Scanning strategies: (A) Exterior-Interior, (B) Quadrants, (C) Sextants, (D) Sequential.

https://doi.org/10.1371/journal.pone.0202916.g002

Exterior-interior (A): First, occlusal surfaces, starting with the left second molar and going to the right second molar, returning via the vestibular surfaces and finally a sweep over the palatal surfaces. [7]

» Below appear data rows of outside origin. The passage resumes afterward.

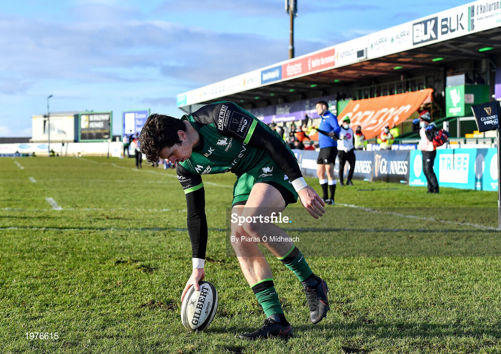 24 January 2021; Alex Wootton of Connacht scores a first half try, which was subsequently disallowed, during the Guinness PRO14 match between Connacht and Ospreys at The Sportsground in Galway. Photo by Piaras Ó Mídheach/Sportsfile
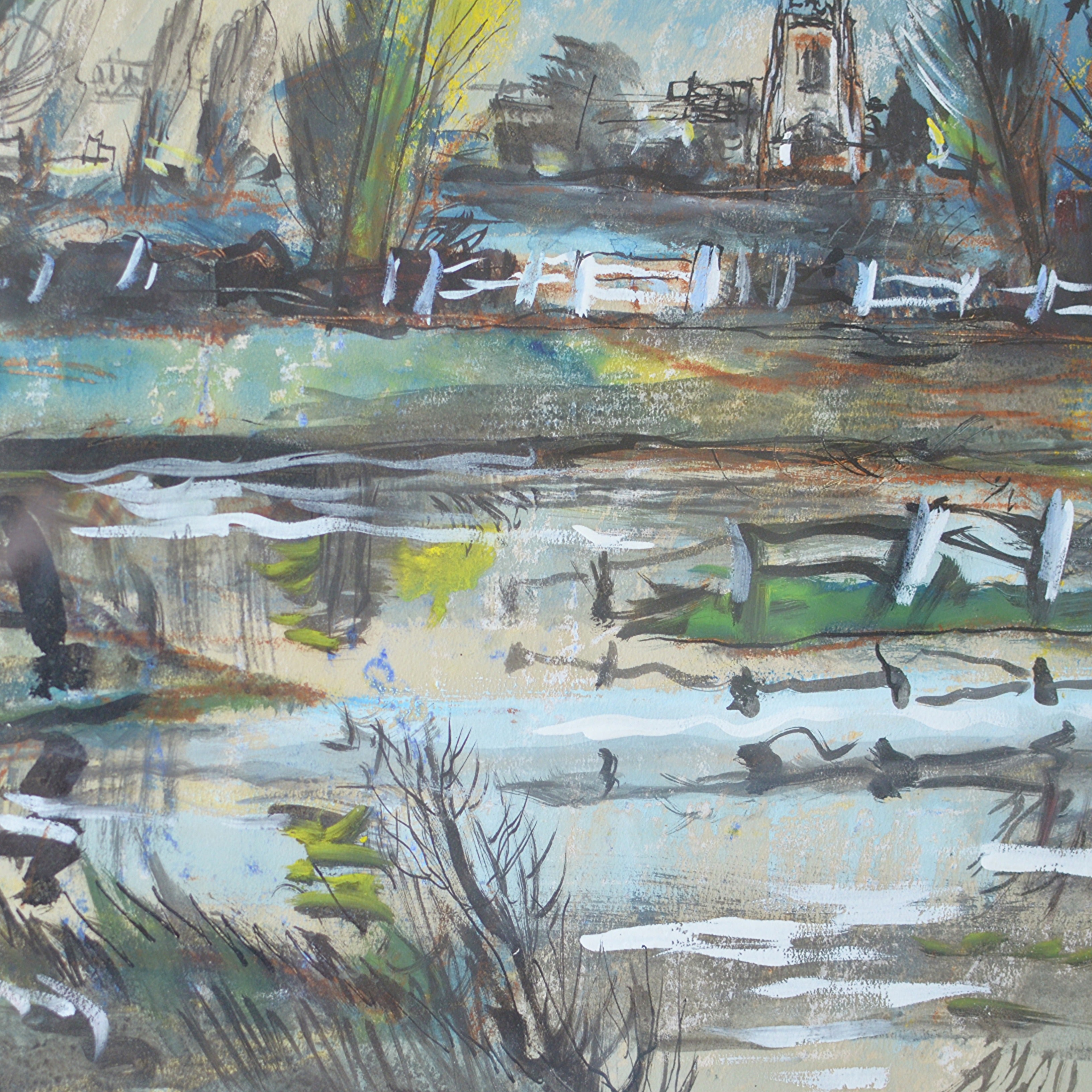 "Flooded Meadows, Clare Sufolk". Watercolour and Indian ink on paper, signed bottom right.
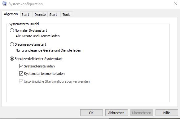 Die Starteinstellungen erscheint trotzdem.
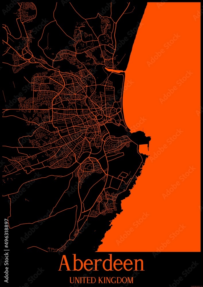 Samolepka Black and orange halloween map of Aberdeen United Kingdom
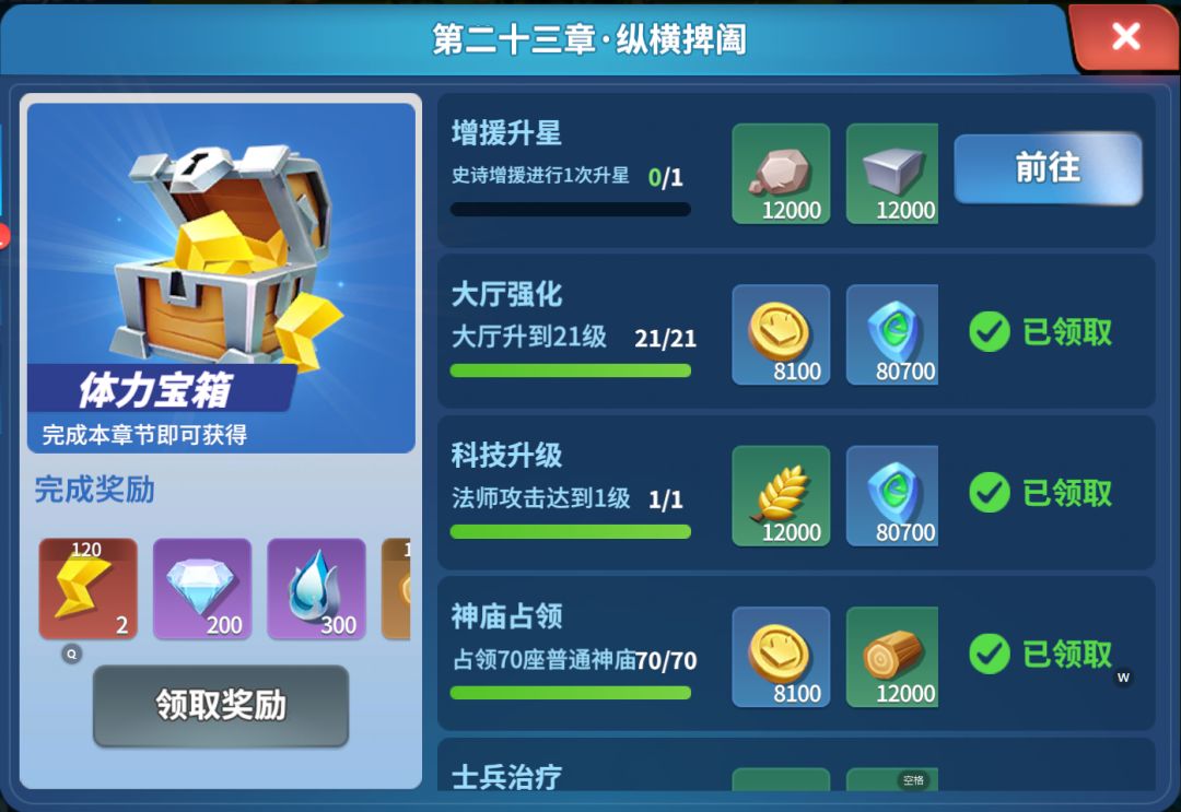 哈喽哈喽,宝子们,我来啦!一转眼我征战的章节已经玩到二十三章了,你们都玩到几章了呢?在玩的过程,你们有没有觉得哪个任务很难或者是一直卡在某个很难的关卡里,有的宝子在可以评论区告诉我,大家可以一起交流交流!我最近被卡在二十三章的增援升星那个任务好几天了,这个任务是把史诗增援进行一次升星,我感觉有亿点点难,要完成这个升星任务肯定得先得到一个史诗增援才能进行,要怎样获得史诗增援的碎片呢?那就接着往下看吧
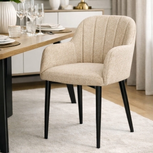 Krzesło TULIP z podłokietnikami w tkaninie DREAM to komfortowy model zaprojektowany do eleganckich jadalni i dużych stołów. Ergonomiczna forma, miękkie siedzisko z pianki oraz smukłe metalowe nogi zapewniają wygodę codziennego użytkowania oraz ponadczasową estetykę. polska produkcja na zamówienie z możliwością pełnej personalizacji.
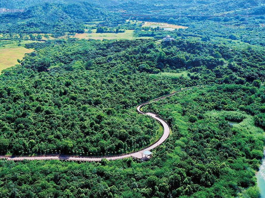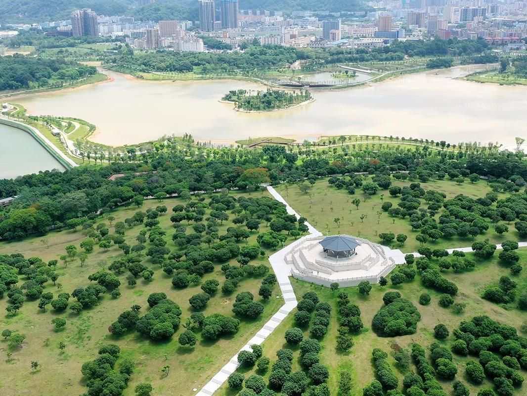 “俯仰之间”公园:山顶大凉亭可同时容纳200人,实现“仰,可看阿婆髻山青翠欲滴;俯,可观石岩湖清澈如镜”,共揽湖光山色。
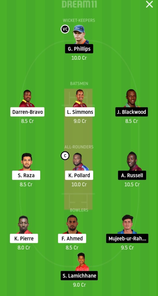 Glenn Phillips (wk), Jermaine Blackwood, Chadwick Walton, Rovman Powell (c), Andre Russell, Asif Ali, Carlos Brathwaite, Sandeep Lamichhane, Mujeeb Ur Rahman, Fidel Edwards, Oshane Thomas.
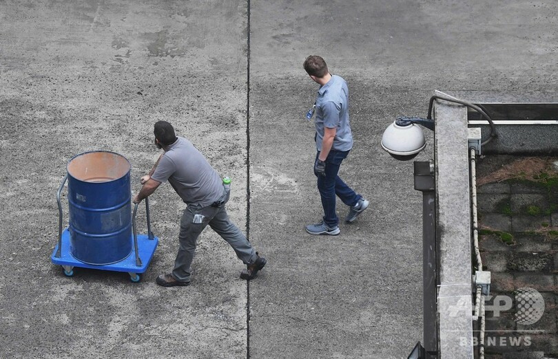 さらには、空となった大きな金属製のごみ箱を運んだり、キャリーケースを引いたりするなど、他の職員らも建物内で動き回っていた。(c)AFP
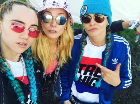 一緒にフェスに参戦したモデル兼女優のカーラとモデルのスキは、イギリスにあるセレブ御用達サロンThe Braid Barでブルーのエクステを編んでおソロいヘアスタイルに。
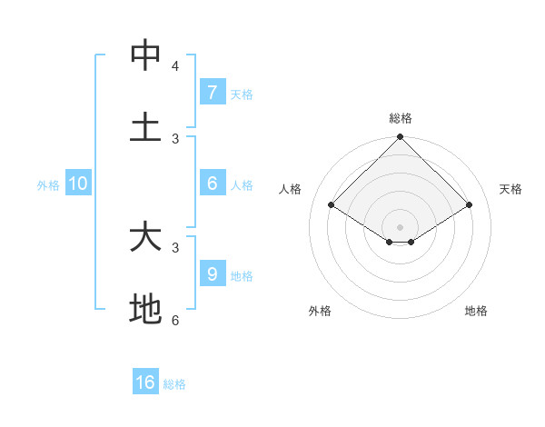 中土 大地さんを姓名の画数から五運を鑑定
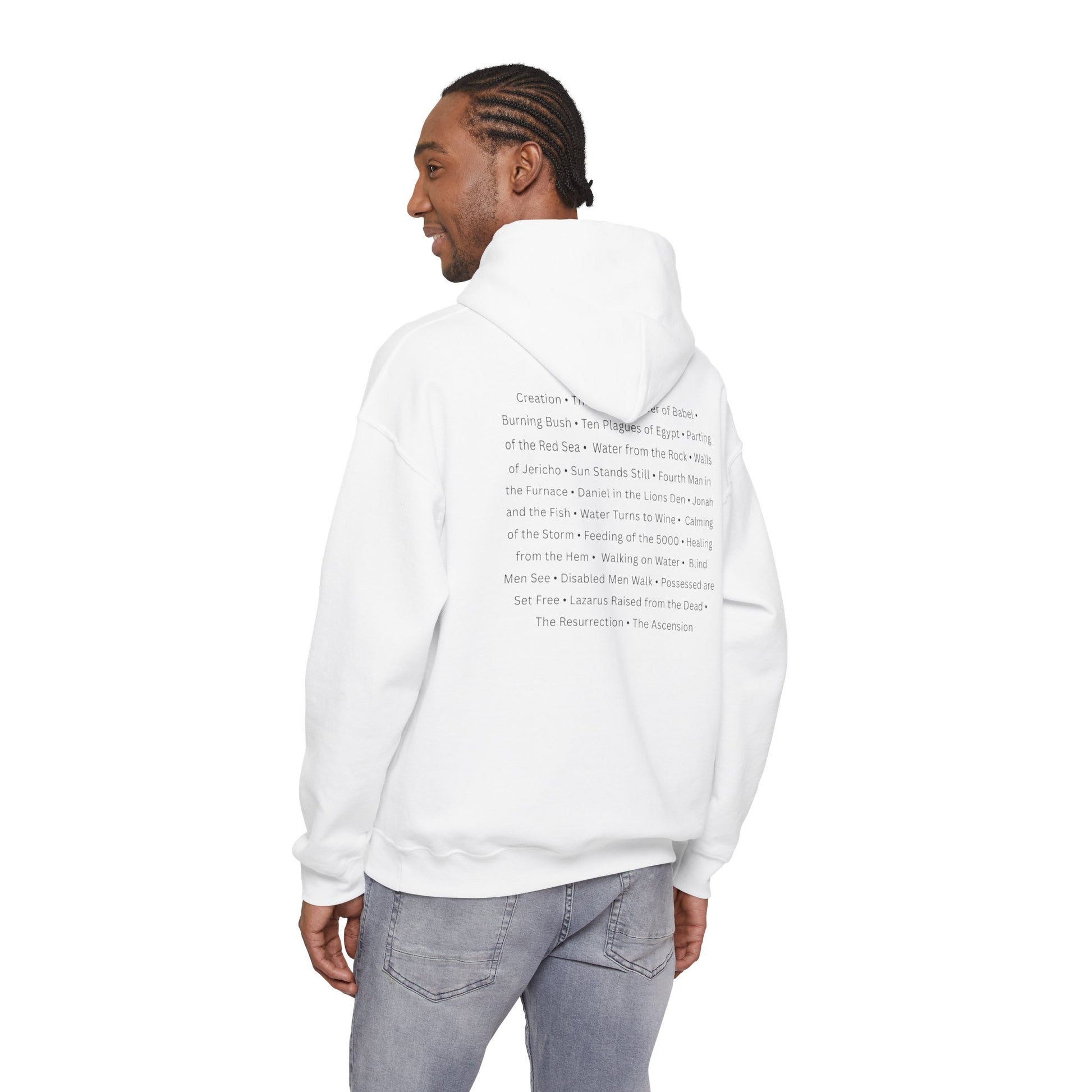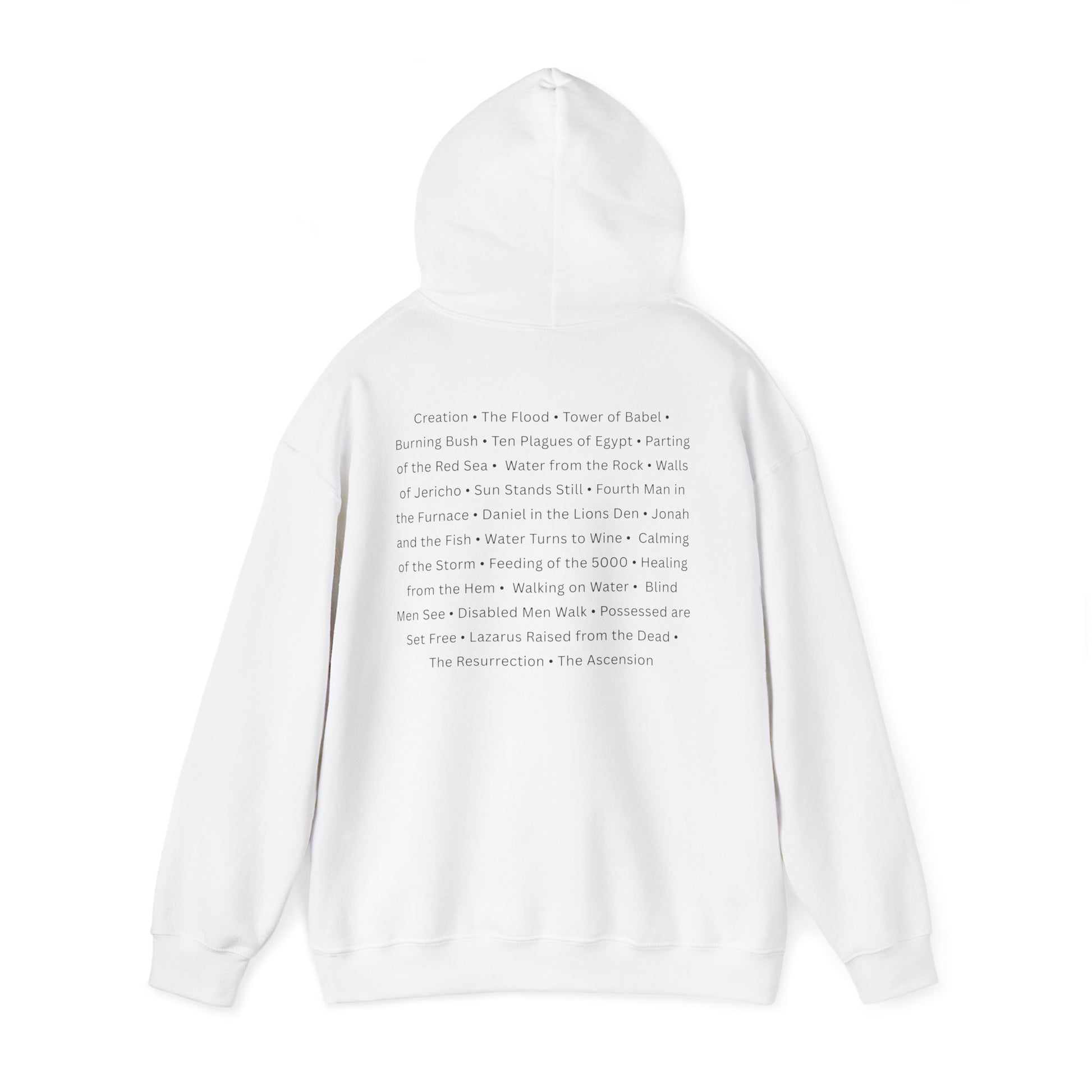 This sweatshirt wears like a quiet sermon — steady, warm, and full of stories. The back lists major biblical miracles in clean, readable type, inviting reflection with every step. It’s heavyweight and soft against the skin, the hood and kangaroo pocket adding the comfortable, familiar silhouette you reach for on cool mornings or long evenings of study and fellowship. The printed miracles aren’t flashy; they feel like pages from a well-loved Bible, a wearable reminder of faith moments that shaped a life. Wear it to Bible study, fellowship nights, volunteer meetups, or while curling up with scripture at home. It fits into the rhythm of a faith-centered life: thoughtful, durable, and quietly expressive.
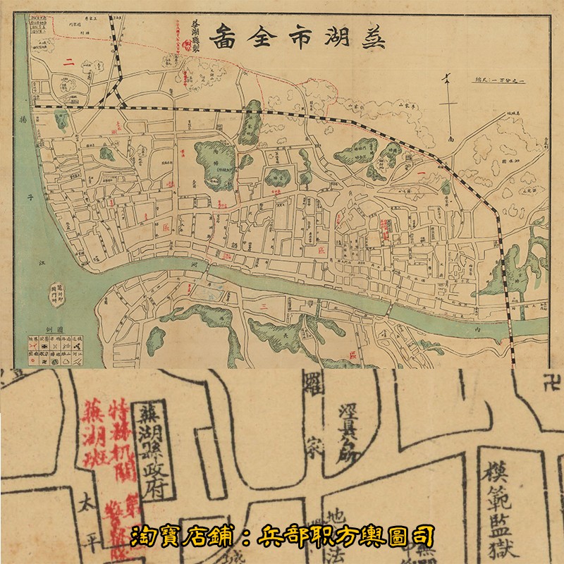 此《芜湖市全图》为民国28年(1939年)1月发行的安徽芜湖详细城市地图,绘制单位未知,比例尺为1/10000,原图为62cm*46cm中文彩色地图,现藏中研院。

Quadrants (B): First, occlusal surfaces, starting with the right central incisor and going toward the right second molar, returning via the vestibular surfaces, and then the palatal surfaces. Second, occlusal surfaces, starting with the left central incisor till the left second molar, returning via the vestibular surfaces, and then the palatal surfaces.

Sextants (C): First, occlusal surfaces, starting with the right second molar until the right first premolar, and returning via the vestibular surfaces, and then the palatal surfaces. Second, occlusal surfaces, starting with the right canine until the left canine, returning via the vestibular surfaces, and then the palatal surfaces. Third, occlusal surfaces, starting with the left first premolar until the left second molar, returning via the vestibular surfaces, and then the palatal surfaces.

Sequential (D): Sequential scanning of the three surfaces of each tooth (occlusal, vestibular, and palatal), performing an “S”-shaped movement from the right second molar in all directions and without returning to the starting point. [7]

The process always started with occlusal surfaces as references while taking the impression, and a final sweep was performed to fill the spaces that did not have digital information, generally the interproximal spaces.

A “CAD reference model” (CRM) was created with ATOS II Triple Scan (GOM Technologies, Metronic, Barcelona, Spain), [13, 14] and an industrial structured blue light scanner complying with ISO 12836 and was shown to be accurate up to 3 μm with precision of 2 μm for jaw-sized scans [15,16] (Fig 3).

The files obtained with the scanners in the study were then converted to standard triangle language (STL) format. iTero, Trios, and True Definition systems export in this format, but for the Cerec system, Omnicam, Delcam Exchange 2016 R3 software was used.

Discrepancies were analyzed using Geomagic Control (Geomagic, Morrisville, North Carolina, USA, 2013). This software makes it possible to fully select the parameters to be studied when performing the comparison. [12, 17, 18, 19]

With the “cut with planes” tool, all the soft tissue surrounding the teeth was removed, to reduce data points in the file that may affect the mean distance, and all the study models were aligned with the CRM. Each of the files obtained from the scanners was compared with the CRM obtained with the industrial scanner using the “best fit alignment,” a mathematical algorithm to overlay a digital impression on a digital master objectively measuring variances across the entire experimental model in relation to the master.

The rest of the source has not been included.